The bill, called the Endless Frontier Act, is meant as a U.S. counter to the Chinese Communist Party’s agenda and would fund research institutions in America to the tune of more than $100 billion.
Thursday’s late-night voting delay also prolonged the highly anticipated vote on the House-passed January 6 commission bill, which was slated to happen right after the vote on the Endless Frontier Act.
As the clock approached midnight on Thursday, Johnson led other Senate Republicans in raising objections to proceeding with a final vote on the Endless Frontier Act. Johnson, Sen. Mike Lee (R-UT), and Sen. Rick Scott (R-FL) each argued the Senate was not given time to review amendments to the bill. Johnson and Scott requested the vote be delayed, but Commerce Committee chair Sen. Maria Cantwell (D-WA) denied their requests.
Several Capitol Hill reporters from various outlets narrated the spiraling chain of events on Twitter:
A handful of senators meanwhile — three Republicans and one Democrat — opposed proceeding on the Endless Frontier Act legislation earlier Thursday after Senate Majority Leader Chuck Schumer (D-NY) negotiated a deal to break an hours-long stalemate on the floor over the bill.
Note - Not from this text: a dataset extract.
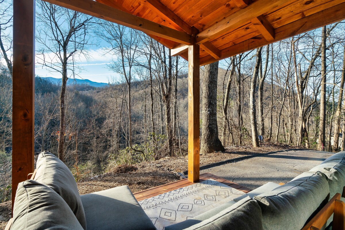 Uma bela e tranquila escapada - Aconchegue-se com vistas para a montanha, uma mesa de fogo e uma cadeira de massagem de luxo enquanto o mundo desacelera. Perfeito para casais que querem um retiro de férias tranquilo e romântico. Chalé 💘 romântico para casais Vista para o pôr do sol nas montanhas🌅 durante todo o ano 💦 Banheira hidromassagem Carregador de⚡️ veículos elétricos Cadeira 😃 de massagem ✨ Ideal para luas de mel, aniversários ou "só porque" ❤️ Este chalé é a paz interior que sua alma anseia. Reserve agora — Kindred Spirits não decepcionará

The opposition senators were Sens. Marco Rubio (R-FL), Tom Cotton (R-AR), Josh Hawley (R-MO), and Bernie Sanders (I-VT), and each had different reasons for opposition. Rubio, for instance, was concerned the bill did not have sufficient safeguards to protect the research it would fund from falling into the hands of the very Chinese communists it is meant to counter, while Sanders had earlier in the week proposed an amendment to strip a controversial provision from the proposal that would amount to a “bailout” for Amazon CEO Jeff Bezos.
More broadly, these Senate floor fights are playing out on the backdrop of the looming vote on the January 6 commission bill. That bill, if enacted, would create a bicameral special panel to investigate the riots at the U.S. Capitol on the day that the electoral college certified now President Joe Biden’s 2020 victory.
Even though the January 6 commission bill passed the House with 35 Republican votes, it is likely to be shot down in the Senate as Schumer forces the Republicans to sustain the party’s first filibuster of this Congress. The filibuster rule requires 60 votes to vote on legislation, and while a handful of Senate Republicans plan to support the commission, Senate Minority Leader Mitch McConnell’s (R-KY) public opposition to it in the last couple weeks has all but guaranteed at least 41 Republicans will stick together to sink the plan.
The bitter divisions in the evenly-divided Senate — in which Democrats only have a majority because Vice President Kamala Harris cuts ties in the chamber — on display Thursday night foreshadow possible problems for Biden’s legislative agenda down the road as infrastructure negotiations remain ongoing between the two parties.
A number of Biden’s legislative timeline goals, from police reform proposals to the infrastructure talks and more, have already failed to meet originally proposed deadlines, and these brutal fights do nothing to help ease tensions ahead of coming fights.